A verbatim reproduction of the lines below, from the line containing "北京北达教研组为大家整理了2" through the line containing "This Oyster Perpetual", both ends included, is the whole required output.

GIVEN DATA:
——————

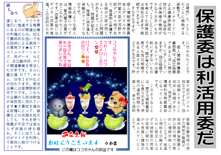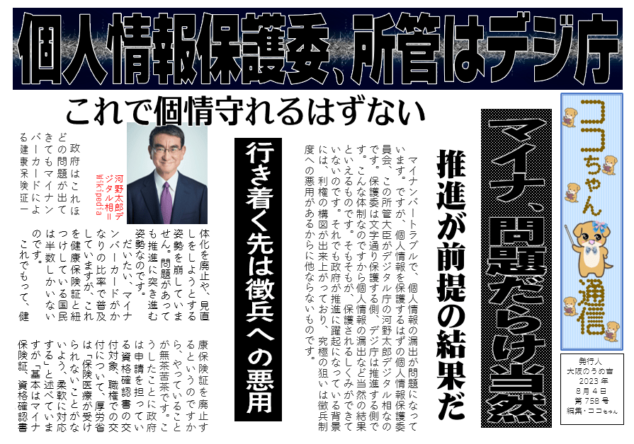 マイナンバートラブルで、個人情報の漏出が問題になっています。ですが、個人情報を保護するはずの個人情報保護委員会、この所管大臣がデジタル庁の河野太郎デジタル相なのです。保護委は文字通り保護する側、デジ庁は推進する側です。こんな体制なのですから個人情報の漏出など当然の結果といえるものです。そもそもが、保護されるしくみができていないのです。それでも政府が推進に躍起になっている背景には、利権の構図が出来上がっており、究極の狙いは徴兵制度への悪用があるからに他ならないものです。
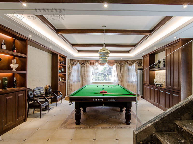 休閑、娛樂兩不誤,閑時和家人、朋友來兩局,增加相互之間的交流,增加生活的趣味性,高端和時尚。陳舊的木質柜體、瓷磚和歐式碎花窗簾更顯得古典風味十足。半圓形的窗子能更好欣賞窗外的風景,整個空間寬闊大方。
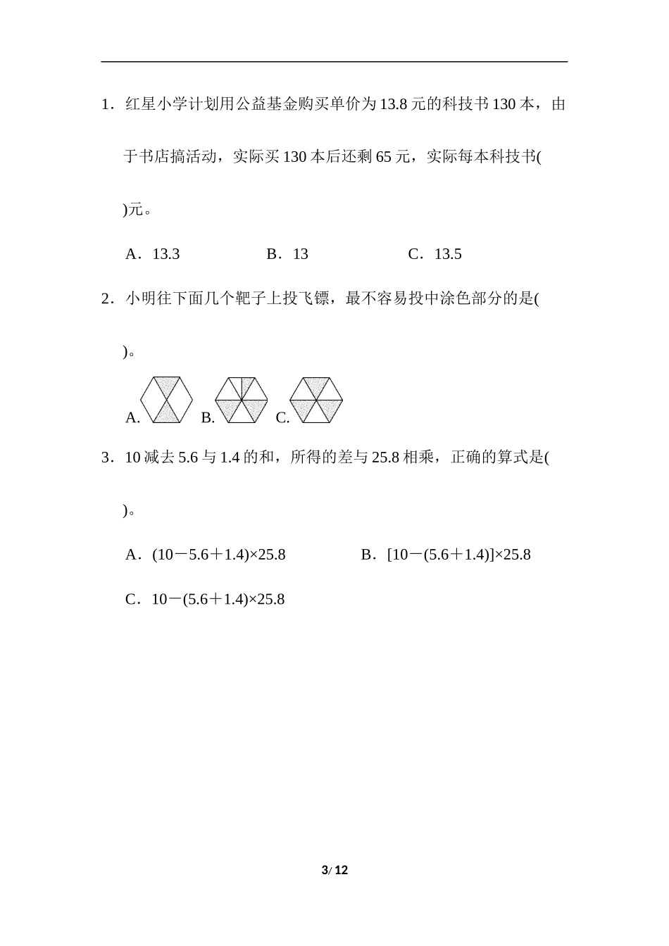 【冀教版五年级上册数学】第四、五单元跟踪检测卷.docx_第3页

——————

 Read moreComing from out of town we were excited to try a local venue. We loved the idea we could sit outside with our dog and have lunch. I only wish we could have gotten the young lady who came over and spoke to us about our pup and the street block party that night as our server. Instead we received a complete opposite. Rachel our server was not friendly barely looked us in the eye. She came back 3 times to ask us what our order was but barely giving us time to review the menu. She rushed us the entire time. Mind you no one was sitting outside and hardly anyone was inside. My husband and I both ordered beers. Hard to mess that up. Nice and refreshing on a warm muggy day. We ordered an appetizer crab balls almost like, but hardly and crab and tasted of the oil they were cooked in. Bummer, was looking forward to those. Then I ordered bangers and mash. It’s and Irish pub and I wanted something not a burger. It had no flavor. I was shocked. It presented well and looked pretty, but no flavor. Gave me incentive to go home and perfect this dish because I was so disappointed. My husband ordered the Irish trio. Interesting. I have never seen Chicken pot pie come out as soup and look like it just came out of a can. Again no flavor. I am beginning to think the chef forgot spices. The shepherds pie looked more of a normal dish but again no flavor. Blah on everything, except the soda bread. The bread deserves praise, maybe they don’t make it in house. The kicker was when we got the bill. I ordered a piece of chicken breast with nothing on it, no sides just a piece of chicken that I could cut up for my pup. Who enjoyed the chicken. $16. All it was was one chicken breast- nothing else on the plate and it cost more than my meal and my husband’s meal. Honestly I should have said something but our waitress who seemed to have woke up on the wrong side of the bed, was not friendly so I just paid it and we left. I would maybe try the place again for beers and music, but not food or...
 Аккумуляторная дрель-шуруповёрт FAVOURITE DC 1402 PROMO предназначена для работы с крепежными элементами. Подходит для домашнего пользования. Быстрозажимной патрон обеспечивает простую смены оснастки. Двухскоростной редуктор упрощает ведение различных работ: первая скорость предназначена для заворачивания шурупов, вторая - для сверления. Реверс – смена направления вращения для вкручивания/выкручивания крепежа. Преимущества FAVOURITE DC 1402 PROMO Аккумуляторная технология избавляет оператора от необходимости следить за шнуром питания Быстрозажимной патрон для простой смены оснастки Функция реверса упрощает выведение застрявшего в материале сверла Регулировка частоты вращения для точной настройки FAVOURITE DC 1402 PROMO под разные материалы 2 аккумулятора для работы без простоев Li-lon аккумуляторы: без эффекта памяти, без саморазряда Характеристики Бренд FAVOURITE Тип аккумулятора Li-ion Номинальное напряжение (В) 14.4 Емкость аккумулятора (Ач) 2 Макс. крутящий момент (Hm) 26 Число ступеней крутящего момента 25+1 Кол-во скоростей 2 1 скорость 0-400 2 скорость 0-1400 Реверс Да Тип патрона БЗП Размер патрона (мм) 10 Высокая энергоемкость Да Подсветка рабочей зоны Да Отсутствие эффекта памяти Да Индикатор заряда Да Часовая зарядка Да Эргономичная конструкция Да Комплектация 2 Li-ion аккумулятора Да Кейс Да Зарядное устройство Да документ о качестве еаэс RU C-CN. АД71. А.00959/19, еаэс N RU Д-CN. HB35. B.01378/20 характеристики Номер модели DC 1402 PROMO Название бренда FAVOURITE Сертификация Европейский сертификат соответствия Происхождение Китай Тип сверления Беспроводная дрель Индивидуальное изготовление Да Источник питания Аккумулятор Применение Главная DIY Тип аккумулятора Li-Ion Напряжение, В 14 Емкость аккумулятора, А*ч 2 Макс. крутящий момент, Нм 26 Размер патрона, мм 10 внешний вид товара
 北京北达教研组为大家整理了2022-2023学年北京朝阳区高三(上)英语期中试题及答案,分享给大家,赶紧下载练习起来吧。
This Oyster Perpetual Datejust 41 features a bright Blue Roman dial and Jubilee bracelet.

——————

WRITTEN SOLUTION:
 北京北达教研组为大家整理了2022-2023学年北京朝阳区高三(上)英语期中试题及答案,分享给大家,赶紧下载练习起来吧。
This Oyster Perpetual Datejust 41 features a bright Blue Roman dial and Jubilee bracelet.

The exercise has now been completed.